== Assignment ==
Retype the lines below exactly, from the one that contains "Hamburg Sankt Pauli." through the last, and leave every picture out.

== Data extract ==
+===+

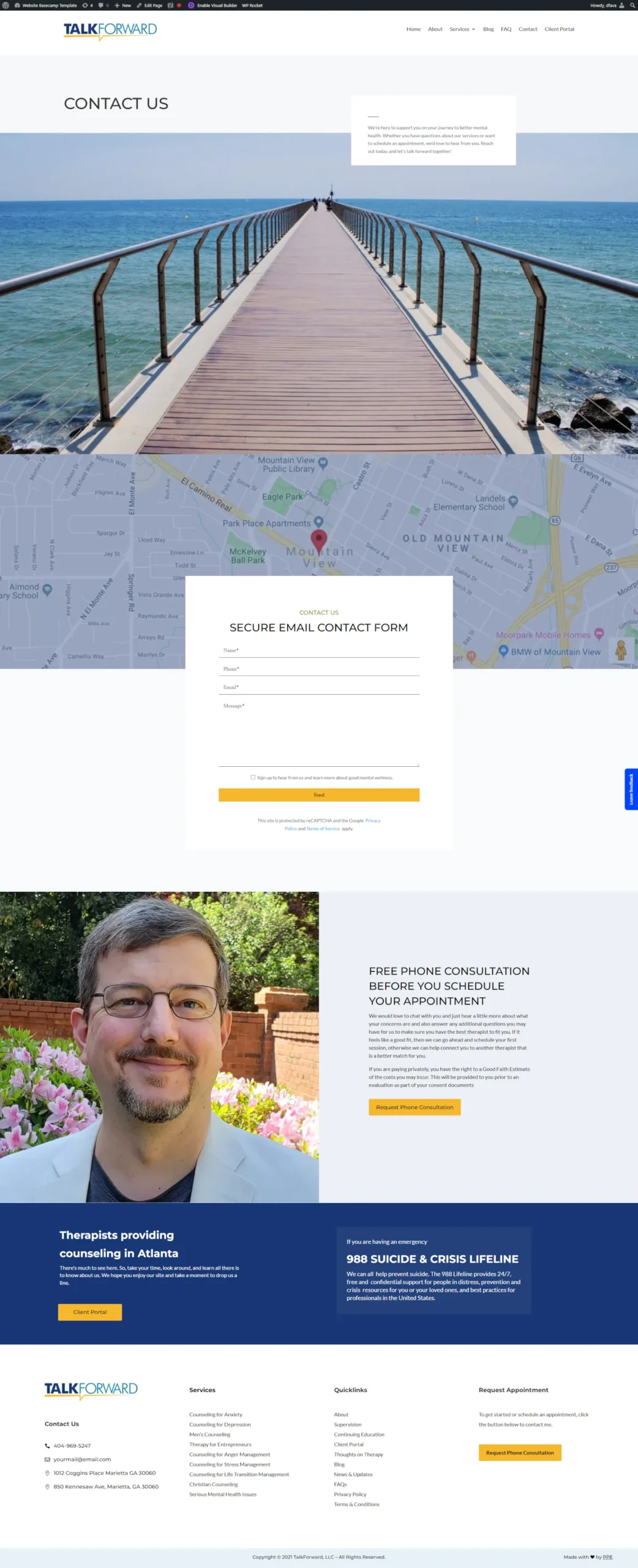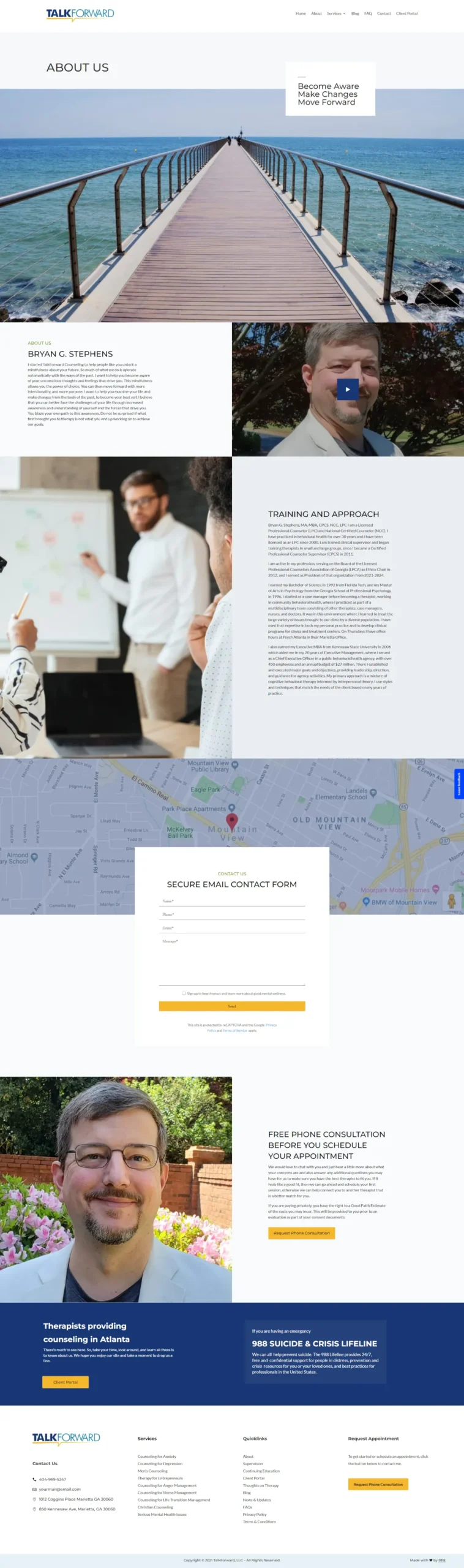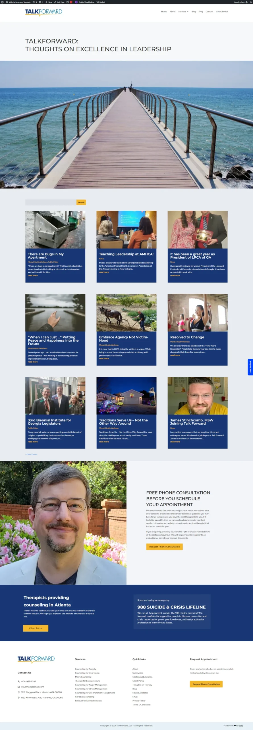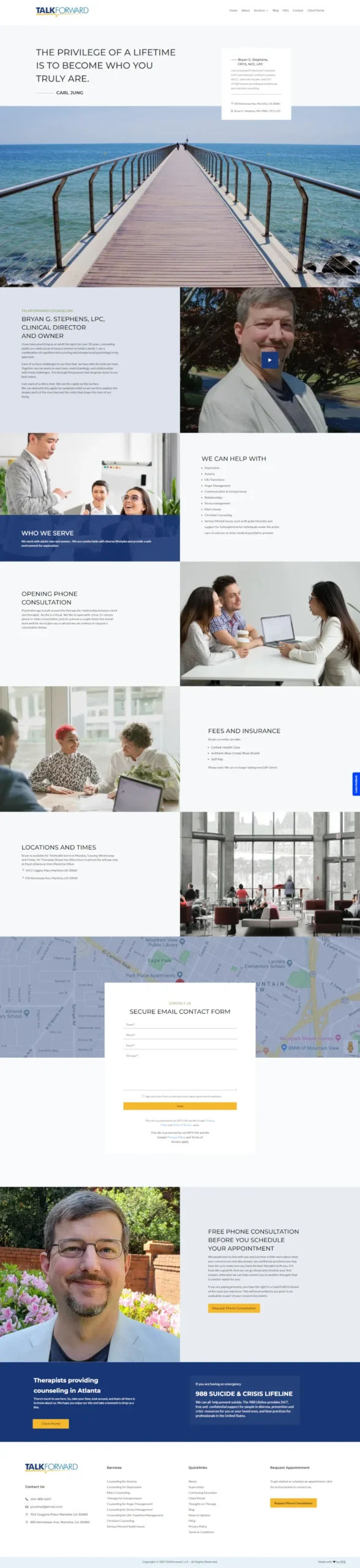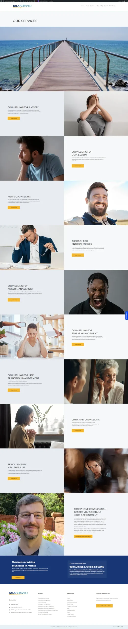 We partnered with TalkForward Counseling (Marietta, GA) to launch their specialized anxiety and depression care platform. Powered by WordPress and Divi, the site features a polished, symmetrical design. We overcame complex responsive layout challenges using advanced CSS breakpoints to ensure perfect alignment between images and content across every screen size.
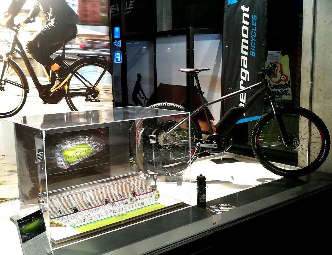 Die ,,ALTE NORDTRIBÜNE” befidet sich zur Zeit im Schaufenster der Firma Bergamont an der Budapester Strasse in Hamburg Sankt Pauli.
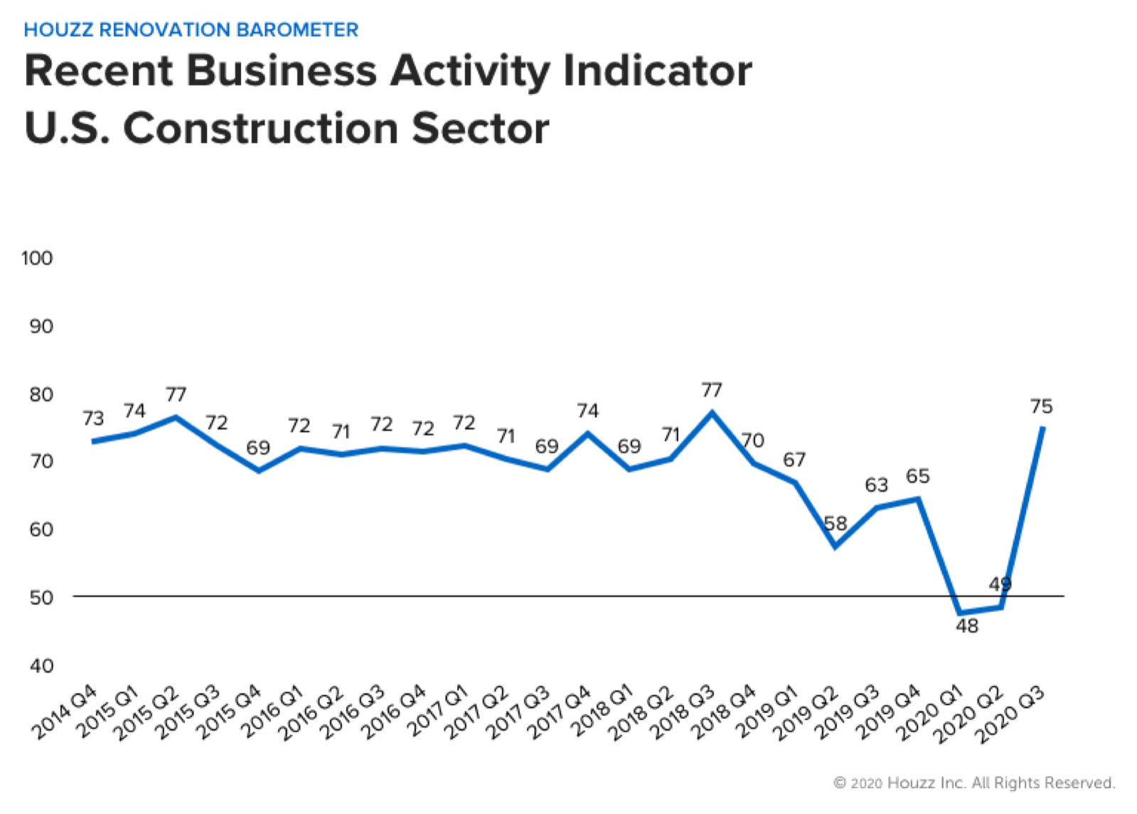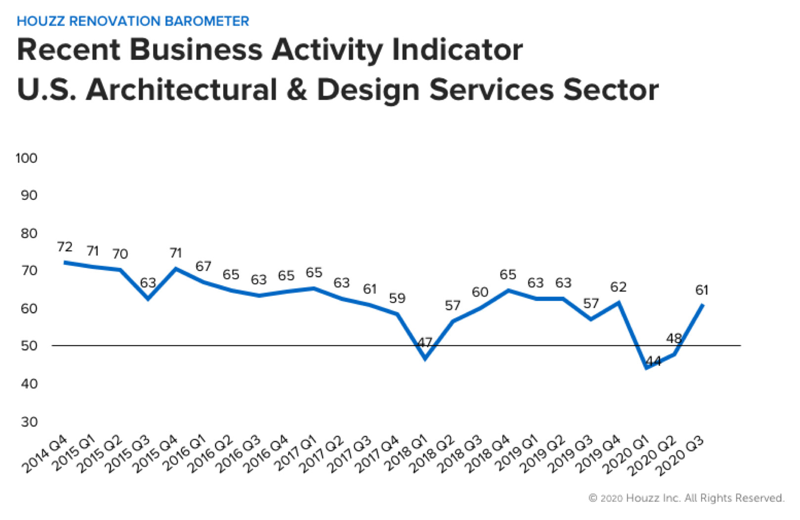 “Home professionals have a positive outlook through the end of the year, despite unprecedented uncertainty due to the pandemic and the upcoming election, increasing supply chain constraints as well as shortages in the labor market,” Sargsyan says. “Pros are taking on new clients remotely using online tools and collaboration platforms, continuing the momentum from the recent quarter.”

+===+

== Exercise output ==
 Die ,,ALTE NORDTRIBÜNE” befidet sich zur Zeit im Schaufenster der Firma Bergamont an der Budapester Strasse in Hamburg Sankt Pauli.
 “Home professionals have a positive outlook through the end of the year, despite unprecedented uncertainty due to the pandemic and the upcoming election, increasing supply chain constraints as well as shortages in the labor market,” Sargsyan says. “Pros are taking on new clients remotely using online tools and collaboration platforms, continuing the momentum from the recent quarter.”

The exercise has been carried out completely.